As he is a Journal Business Writer, Quigley approached his story from a business angle and did not get into the intricacies of the “pit rules”, other than to say they regulate the disposal of drilling waste.

But as a former Journal Environment Writer who covered this issue, I’ve seen first-hand the reality regulators face in dealing with drilling waste. Past regulatory laxity has left New Mexico a legacy of contamination one could characterize as the equivalent of a massive oil spill – one that’s on land instead of the sea. Nearly every pump jack in New Mexico is situated next to a brine pit that routinely draws unwitting migratory birds to their deaths (they think it’s potable water). Expanses of rangeland grasses contaminated by brine look scorched, as if by a fire. Ask any rancher who shares a land lease with a driller; it’s rarely a copacetic relationship. The threat to the state’s underground aquifers is always a concern. (To read the 14 pages of pit rules, visit the Oil Conservation Division Web site and click on “Current Rules, PDF format,” then scroll down the pdf file to Part 17 PITS, CLOSED-LOOP SYSTEMS, BELOW-GRADE TANKS AND SUMPS under Chapter 15 Oil and Gas.)

The oil and gas industry is using a budget crisis as an excuse to gut regulation. And the Journal is buying into it.

Which takes me back to Noon’s latest column on the joys of energy consumption. The column was an ad – pure and simple.  If a public relations agency had had such luck in having a piece like that printed, it would consider it a coup – the kind of advertising money can’t buy. Or can it?

In my experience, a newspaper normally would be embarrassed to run an advertorial on an opinion page and allow itself to be so used, even if it has decided to cheerlead the industry editorially.

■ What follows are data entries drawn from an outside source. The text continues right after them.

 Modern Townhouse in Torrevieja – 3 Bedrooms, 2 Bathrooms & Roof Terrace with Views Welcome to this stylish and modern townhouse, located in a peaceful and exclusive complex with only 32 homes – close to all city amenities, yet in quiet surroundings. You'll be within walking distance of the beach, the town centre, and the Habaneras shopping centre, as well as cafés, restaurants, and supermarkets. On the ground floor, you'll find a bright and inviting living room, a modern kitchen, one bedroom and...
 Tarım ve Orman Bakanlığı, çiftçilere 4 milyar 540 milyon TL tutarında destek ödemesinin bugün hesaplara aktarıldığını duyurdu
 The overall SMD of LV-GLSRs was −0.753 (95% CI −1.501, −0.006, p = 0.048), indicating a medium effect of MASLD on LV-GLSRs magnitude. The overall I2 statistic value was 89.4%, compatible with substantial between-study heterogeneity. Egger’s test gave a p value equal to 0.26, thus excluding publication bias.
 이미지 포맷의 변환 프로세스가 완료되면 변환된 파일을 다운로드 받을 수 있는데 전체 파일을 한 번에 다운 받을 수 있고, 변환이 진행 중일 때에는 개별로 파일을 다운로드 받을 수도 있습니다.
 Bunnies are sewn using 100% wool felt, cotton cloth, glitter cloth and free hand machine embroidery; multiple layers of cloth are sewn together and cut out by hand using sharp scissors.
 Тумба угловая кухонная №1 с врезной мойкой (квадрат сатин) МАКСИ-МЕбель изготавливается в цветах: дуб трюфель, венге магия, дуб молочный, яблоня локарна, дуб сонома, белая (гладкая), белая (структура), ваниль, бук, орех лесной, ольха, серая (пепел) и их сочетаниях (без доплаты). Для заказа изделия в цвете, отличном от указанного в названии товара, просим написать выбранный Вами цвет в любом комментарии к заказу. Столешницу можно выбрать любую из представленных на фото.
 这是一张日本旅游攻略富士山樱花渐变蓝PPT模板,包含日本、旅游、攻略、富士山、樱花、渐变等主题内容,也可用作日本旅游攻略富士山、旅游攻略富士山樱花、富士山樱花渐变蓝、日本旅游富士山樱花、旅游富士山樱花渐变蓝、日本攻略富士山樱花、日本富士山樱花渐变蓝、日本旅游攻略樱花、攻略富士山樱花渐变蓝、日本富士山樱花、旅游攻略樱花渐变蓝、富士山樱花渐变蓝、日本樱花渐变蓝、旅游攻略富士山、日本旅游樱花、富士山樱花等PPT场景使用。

Considering this, and considering the Journal’s financial straits, one might be led to wonder whether the Journal was paid by Noon’s pro-extractive industries organization, CARE, to run the brightly titled “Energy Use Makes Holidays Go ‘Round.” Or to wonder if the paper might have promised (wink, wink) to run Noon’s columns with the understanding the oil and gas producers would take out full-page Journal ads. (Have you noticed those full-page ads?)

Several years ago, a now-defunct New Mexico periodical operated that way – it would run a story about a business if the owners would take out an ad – and this was looked upon with disfavor by traditional journalists.

I’m not saying this is what the Journal has done. But sadly, it has opened the door to that impression.